Sriracha Lime Shrimp

Sriracha Lime Shrimp
Over the weekend I thought about wearing gloves, but I didn’t. Putting them on again would have felt like I had given up on spring, and at this point in the season I have no idea where they are. Suffering with cold hands was the better choice. My fingers are crossed that sunshine and May-appropriate weather will be back, and we will all forget about this chilly spell.

It’s hard to believe that just a couple weeks ago I was a friend’s place having dinner in his backyard, no coat and not a care in the world. He made the most amazing grilled Sriracha lime shrimp, and I had to try my own version.

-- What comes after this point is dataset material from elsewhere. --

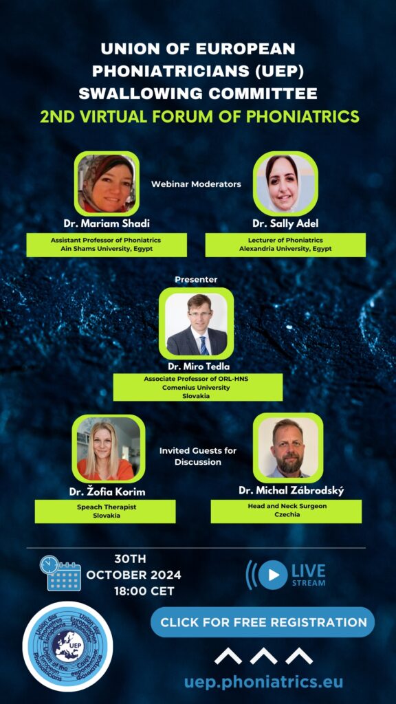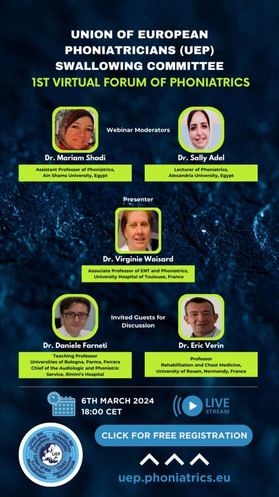 UEP Swallowing Commitee 1st Virtual Forum of Phoniatrics – 6th March 2024 ← Back to Webinars UEP Swallowing Commitee 1st Virtual Forum of Phoniatrics – 6th March 2024

The shrimp were smoky and spicy with a hit of citrus. It was totally worth braving the unspring-like conditions to tackle these outside.

Sriracha Lime Shrimp
Sriracha Lime Shrimp

Serves 4

1-2 tablespoons Sriracha (depending on desired spiciness)
2 teaspoons honey
Juice of 1 lime
1 tablespoon vegetable oil
1 teaspoon minced fresh ginger
1 garlic clove minced
2 tablespoons chopped fresh cilantro, plus more for serving
1 teaspoon kosher salt
1 pound extra large shrimp, peeled and deveined

Preheat a gas or charcoal grill for medium-high heat

In a small bowl, whisk together the Sriracha, honey, lime juice, oil, ginger, garlic, cilantro and salt.

Thread the shrimp on skewers. (If using wooden skewers, soak them in water for 30 minutes.) Brush the sriracha mixture on the shrimp. Grill until pink, opaque and cooked through, about 2-3 minutes per side. Sprinkle with cilantro before serving.